Os diferentes contextos das normas comunitárias e nacionais

52 O acórdão Dzodzi é incompatível com a jurisprudência referida. Quando a situação factual que está na base do reenvio nem sequer cai na alçada de uma norma comunitária, o Tribunal de Justiça é solicitado ex hypothesi a interpretar essa norma fora do seu contexto correcto. Consequentemente, o Tribunal de Justiça arrisca-se não só a não considerar todas as questões relevantes mas também a ser induzido em erro por factores estranhos.

53 Mesmo quando existe um nexo estreito entre as normas comunitárias e as nacionais, o contexto em que se pede a interpretação de uma norma comunitária pode ser materialmente diferente do seu próprio contexto. Por exemplo, no processo Leur-Bloem, em que o órgão jurisdicional nacional considera que o legislador neerlandês alargou, de facto, o âmbito de aplicação da norma comunitária, a transacção em causa é uma transacção interna que envolve uma reestruturação puramente jurídica da propriedade de sociedades, possivelmente levada a cabo por razões relacionadas com o direito fiscal neerlandês. Tenho sérias dúvidas quanto a interpretar os termos usados na directiva fiscal - especialmente pela primeira vez - no contexto de uma transacção deste tipo, que parece ter muito pouco a ver com o tipo de transacções previstas na directiva, nomeadamente, fusões transnacionais e permutas de acções previstas para promover agrupamentos transnacionais de empresas. Ao responder às questões do órgão jurisdicional nacional, seria necessário, para colocar as disposições relevantes da directiva no seu próprio contexto, analisar até que ponto as condições impostas pelas normas neerlandesas podiam impedir a criação de estruturas empresariais transnacionais que podiam ser adoptadas em caso de agrupamento de empresas por razões comerciais. A situação de facto no processo Leur-Bloem dificilmente forneceu qualquer elemento sobre estas questões, de acordo com os argumentos escritos e orais apresentados ao Tribunal de Justiça.

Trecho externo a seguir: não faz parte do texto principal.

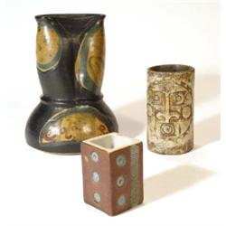 Yolande Bier Studio Pottery double Gourd shape vase, Troika style match striker, marked Tigi 63 to base and a Celtic style Studio Pottery vase, incised with a mask, Largest 20cm high

54 No que se refere, mais especificamente, à última questão do órgão jurisdicional nacional sobre a interpretação do conceito de evasão fiscal do artigo 11._ da directiva, parece-me que não se deduz claramente dos documentos apresentados ao Tribunal de Justiça se a vantagem fiscal referida, nomeadamente a compensação fiscal horizontal das perdas, poderia surgir num contexto intracomunitário. Para colocar firmemente no seu contexto a questão de interpretação submetida ao Tribunal de Justiça, pode ser necessário imaginar uma situação comparável, que possa seguramente verificar-se num contexto intracomunitário, comparável no sentido de que a vantagem fiscal decorreria não da própria permuta de acções mas da consequente estrutura empresarial daí resultante. Por exemplo, pode imaginar-se uma situação na qual uma operação de agrupamento transnacional por razões comerciais incluiria a constituição de uma empresa holding num Estado-Membro nomeadamente por motivos fiscais para, por exemplo, equilibrar a taxa fiscal aplicada aos lucros das filiais dos vários países ou para beneficiar de um tratamento fiscal concedido no Estado-Membro em causa. Mais uma vez se verifica que a situação de facto do processo Leur-Bloem só muito dificilmente constitui uma base para debater todas as questões que podem ser relevantes para a interpretação do conceito de evasão fiscal do artigo 11._, um conceito cujo alcance tem importantes consequências na aplicação da directiva.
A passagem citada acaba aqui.